TLD 25's are fine for Balckin but TLD 50/ Penn 50/ Whatever 50 are necesary for any decent sized Yellerfins. 

He's right about Star Rods too - I used to have all Seeker Rods but their warranty "service" I found to be lacking. Have had very few problems with Stars and their warranty service is excellent.

Catch


----------



## Chris V (Oct 18, 2007)

I have to second Freespool's comment on the Tiagra 16. They are by far IMO the best "all around" reel. Mine have seen action with big tuna, marlin, swords, etc. and have never had to replace the original drag washers even after using up to 30lbs of drag with them. They cost more but are well worth it to me. Since I mostly use mine for live baiting and chunking,I spool mine with 600 yards of 80lb hollow core spectra and then top shot with 100ft. of 60-80lb mono.


----------



## Nat (Oct 10, 2007)

while we're on the TLD subject, I'd like to point out that the TLD star 15/30 and 20/40 models are fantastic light weight high speed reels for bottom fishing and jigging. I have a couple of them and use them for bottom fishing.

caught a monster Jack Cravelle last year on one, that fish about whipped my butt !

http://alantani.com/index.php?topic=17.0

the gears shown in this reel service tutorial are alot larger than those in the Torium or Trinidad

(open the link and read thru the pictures)

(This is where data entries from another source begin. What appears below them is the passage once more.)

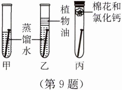 9. 如图所示为探究铁生锈条件的实验(其中氯化钙是一种干燥剂),下列有关该实验的说法,正确的是 ( )
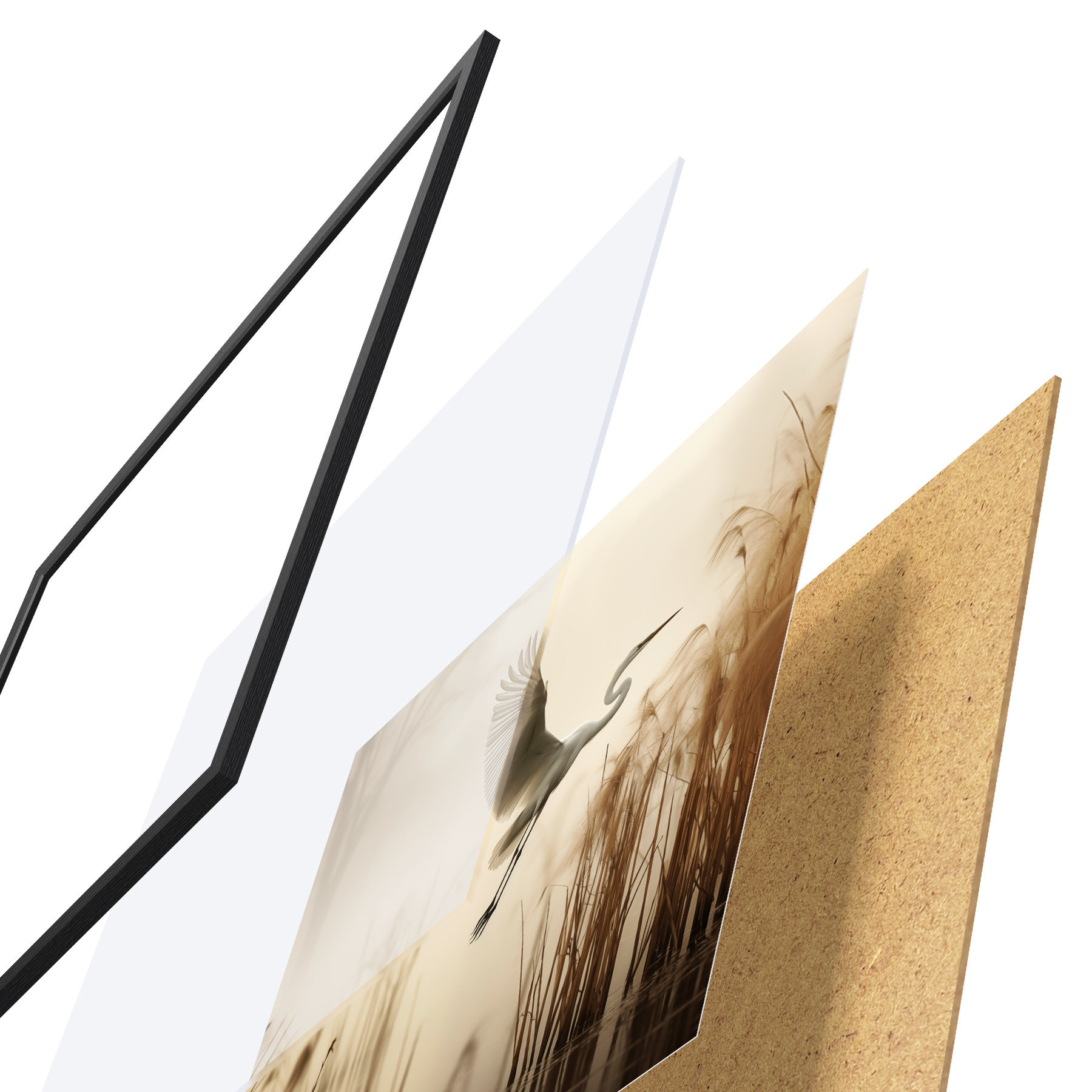 Plakatą sudaro rėmas, pleksiklas, atspausdintas vaizdas ir medžio drožlių plokštės pagrindas. Plakatą galima iš karto pakabinti ant sienos dėl kitoje pusėje esančių laikiklių.
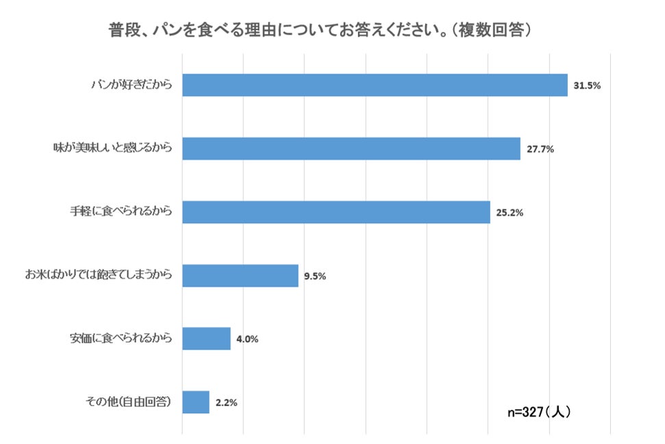 「お米ばかりでは飽きてしまうから」という回答は1割にとどまり、単純にパンが好きで食べている人が多い。自由回答からは「味や食感のバリエーションが豊富で食べ飽きない」「すきなパン屋の新作を食べたい」ほか、「持ち運びやすい」という意見も。
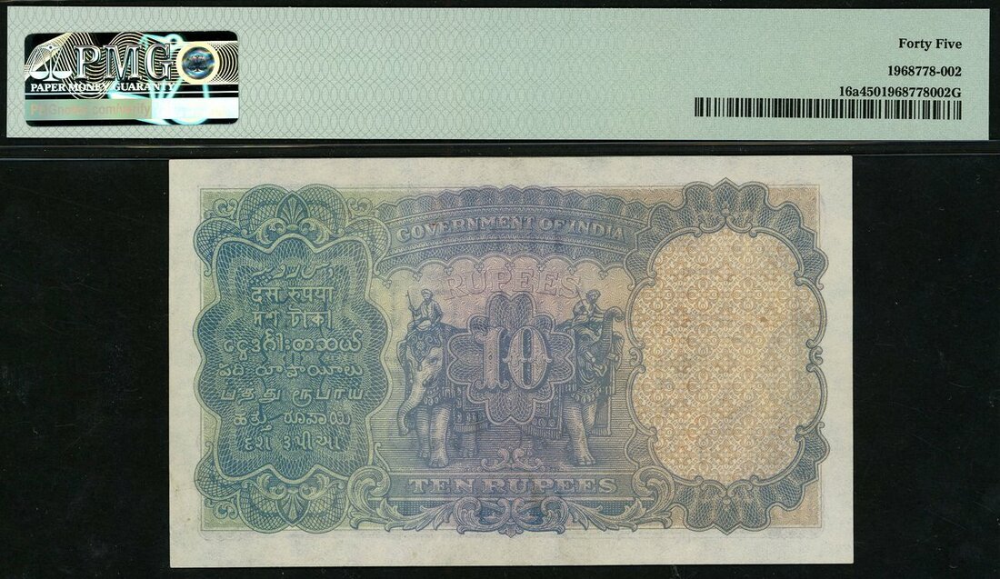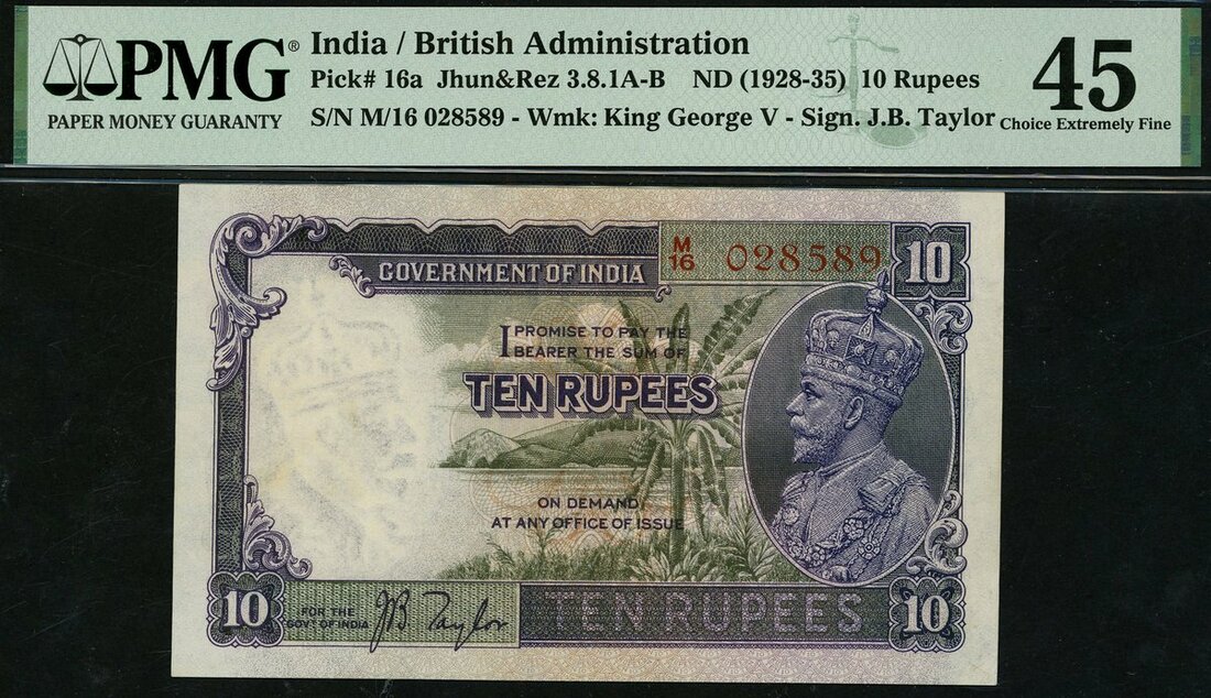 Government of India, 10 rupees, ND (1928-35), serial number M/16 028589, (Pick 16a, Razack-Jhunjhunwalla 3.8.1A-B), in PMG holder 45 Choice Extremely Fine

quality reel for a budget minded fisherman

you can find them used for about $30.00 to $50.00 bucks


----------



## mayday 57 (Nov 18, 2008)

thanks for everyones help I will go with the tld 25s with probly 40# mono . 

looking forward to wahoo and dolphin fishing in 2010.


----------



## lobsterman (Sep 30, 2007)

I agree with magic236. Penns are old school and the new ones aren't worth the powder to blow them up. If you go that route get a Daiwa sea line 600H. By far a stronger reel than Penn. Penn used to be the measure that all other reels were judged by but now they don't even make good anchors...too light.


----------



## Chris V (Oct 18, 2007)

You won't be dissapointed with it. Good luck this coming season.


----------